- _Description of the task_
The listing below is to be written out word for word, minus its images.

Segment Start: Exercise data

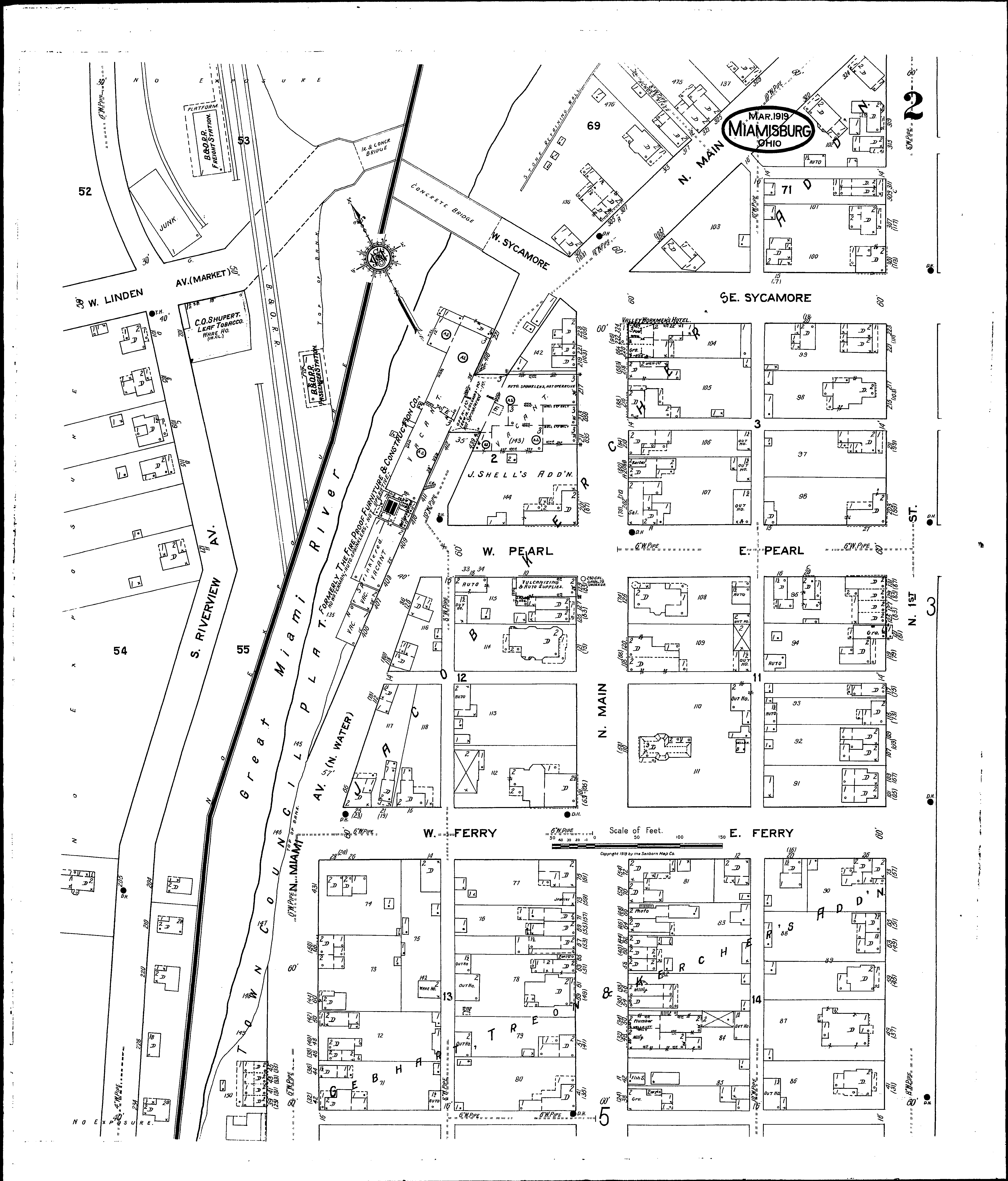Streets: Ferry, E [1-30] Ferry, W [1-30] First, N [39-323] Linden Ave., W [near S. Riverview Ave.] Main, N [38-329] Miami Ave., N [39-226] Pearl, E [1-28] Pearl, W [1-22] Riverview Ave., S [100-237] Sycamore, E [1-30]
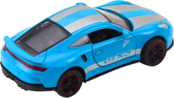 Le modèle GTRS est fabriqué en métal de qualité avec des éléments en plastique, ce qui lui permet de supporter un usage quotidien tout en offrant un beau rendu en exposition. Grâce aux portes ouvrantes, l’imagination se développe et chacun peut créer ses propres histoires de course. Le mécanisme à remonter pull back garantit un départ rapide et un amusement dynamique sans piles.
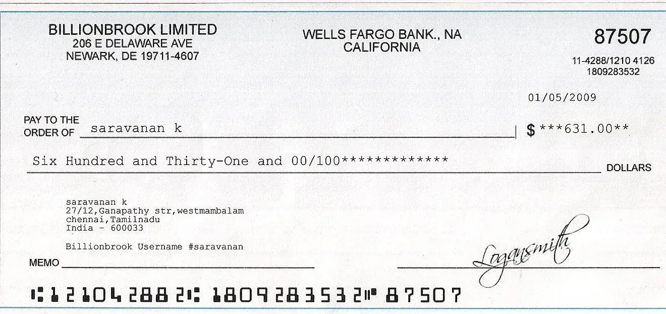 Mr.A.Mayil Vahanan (a contracted technology adviser of Billionbrook) ... Mr.A.Mayil Vahanan & Uma Parvathy Ecoup Net Solutions (Fake Indian company) No:4, 8th street, kandhi nagar, tirunelveli tamilnadu india. Please be aware of these fake websites http://www.billionbrook.com (fraud data entry portal) http://www.theeteller.com (fraud online payment portal) here i have enclosed proofs (fake cheques)

Segment End: Exercise data

- _Answer below_
Streets: Ferry, E [1-30] Ferry, W [1-30] First, N [39-323] Linden Ave., W [near S. Riverview Ave.] Main, N [38-329] Miami Ave., N [39-226] Pearl, E [1-28] Pearl, W [1-22] Riverview Ave., S [100-237] Sycamore, E [1-30]
 Le modèle GTRS est fabriqué en métal de qualité avec des éléments en plastique, ce qui lui permet de supporter un usage quotidien tout en offrant un beau rendu en exposition. Grâce aux portes ouvrantes, l’imagination se développe et chacun peut créer ses propres histoires de course. Le mécanisme à remonter pull back garantit un départ rapide et un amusement dynamique sans piles.
 Mr.A.Mayil Vahanan (a contracted technology adviser of Billionbrook) ... Mr.A.Mayil Vahanan & Uma Parvathy Ecoup Net Solutions (Fake Indian company) No:4, 8th street, kandhi nagar, tirunelveli tamilnadu india. Please be aware of these fake websites http://www.billionbrook.com (fraud data entry portal) http://www.theeteller.com (fraud online payment portal) here i have enclosed proofs (fake cheques)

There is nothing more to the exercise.